For the lines from the one with "Pánská mikina Pohádkový" to the end of the listing below, both ends included, give an exact copy and nothing more. Do not copy pictures.

Data section:
* * *
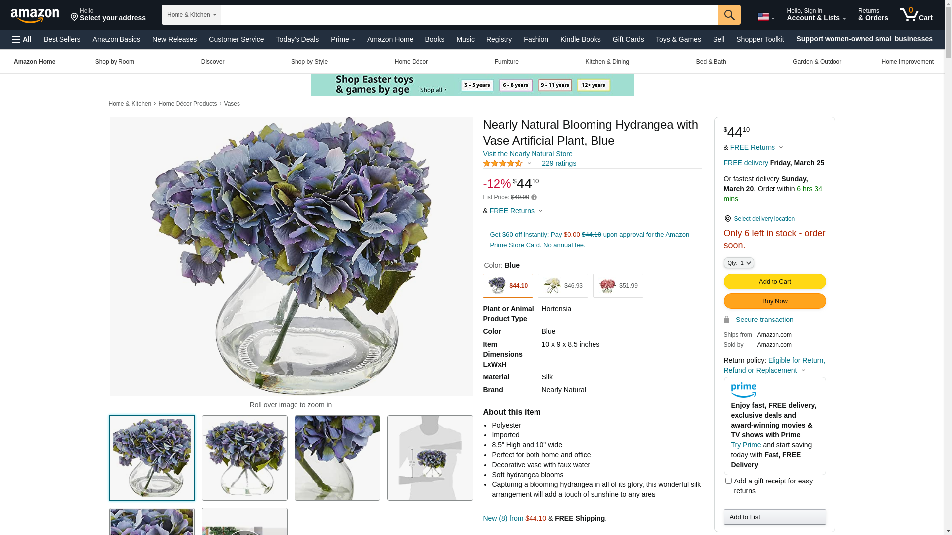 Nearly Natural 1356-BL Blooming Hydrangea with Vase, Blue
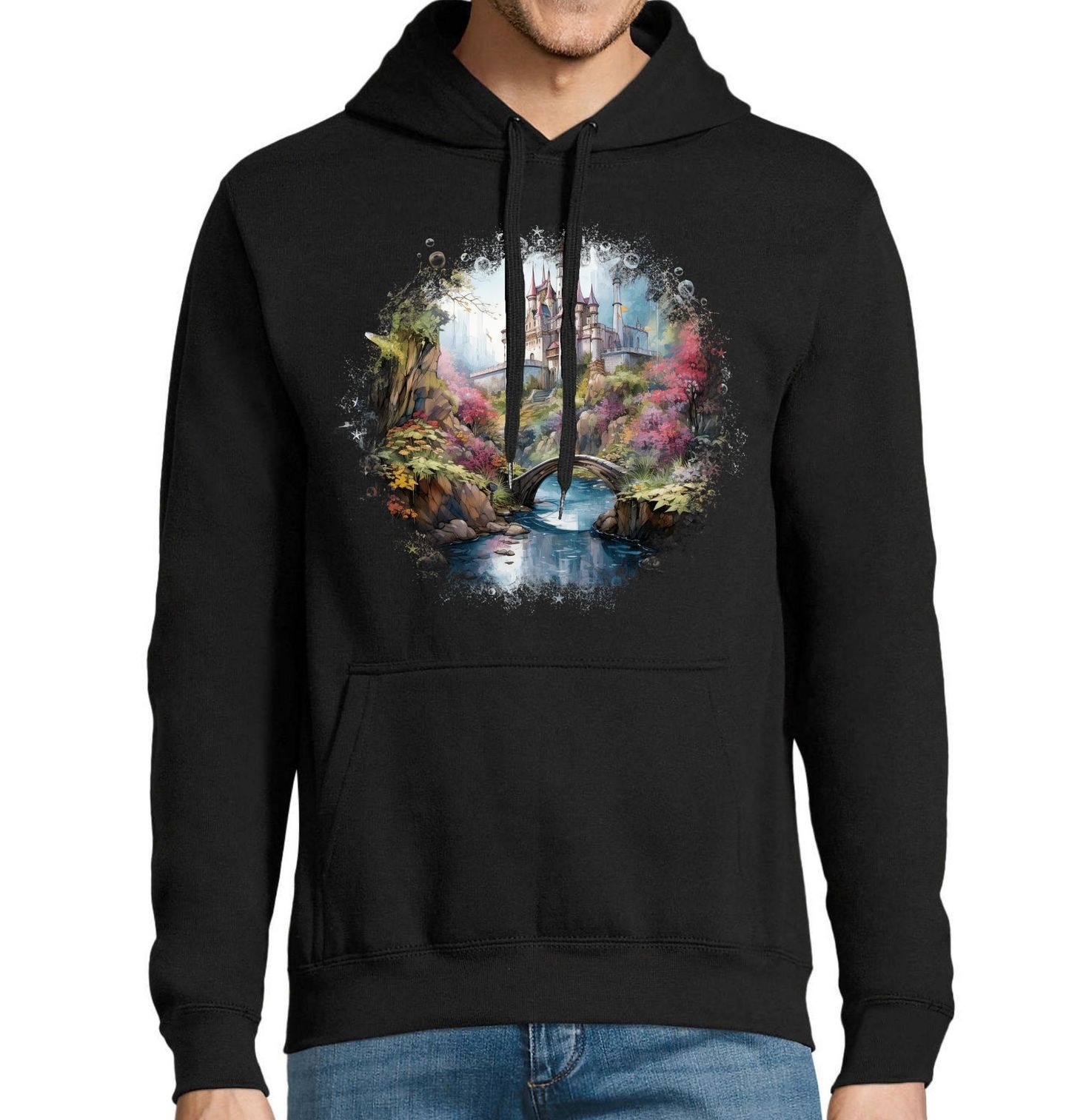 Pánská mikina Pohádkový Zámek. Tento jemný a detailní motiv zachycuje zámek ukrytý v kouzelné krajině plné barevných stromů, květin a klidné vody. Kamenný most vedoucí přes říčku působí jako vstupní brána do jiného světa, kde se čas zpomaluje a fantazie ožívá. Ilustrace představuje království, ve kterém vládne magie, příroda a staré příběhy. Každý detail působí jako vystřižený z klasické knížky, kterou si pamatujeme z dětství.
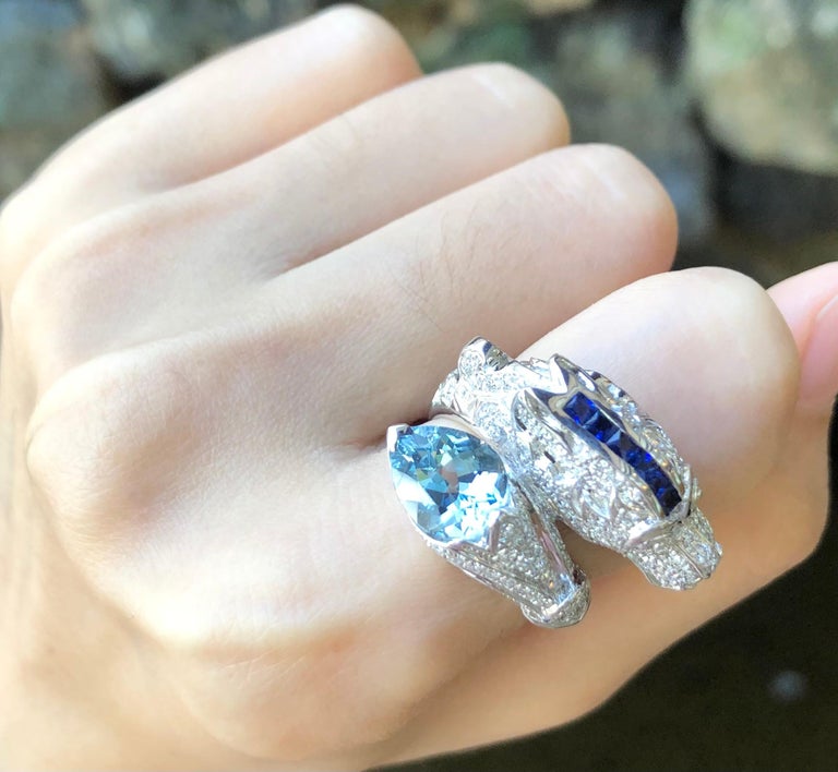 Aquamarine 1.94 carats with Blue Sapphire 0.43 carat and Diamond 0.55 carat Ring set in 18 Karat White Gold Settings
* * *
Problem solution:
 Pánská mikina Pohádkový Zámek. Tento jemný a detailní motiv zachycuje zámek ukrytý v kouzelné krajině plné barevných stromů, květin a klidné vody. Kamenný most vedoucí přes říčku působí jako vstupní brána do jiného světa, kde se čas zpomaluje a fantazie ožívá. Ilustrace představuje království, ve kterém vládne magie, příroda a staré příběhy. Každý detail působí jako vystřižený z klasické knížky, kterou si pamatujeme z dětství.
 Aquamarine 1.94 carats with Blue Sapphire 0.43 carat and Diamond 0.55 carat Ring set in 18 Karat White Gold Settings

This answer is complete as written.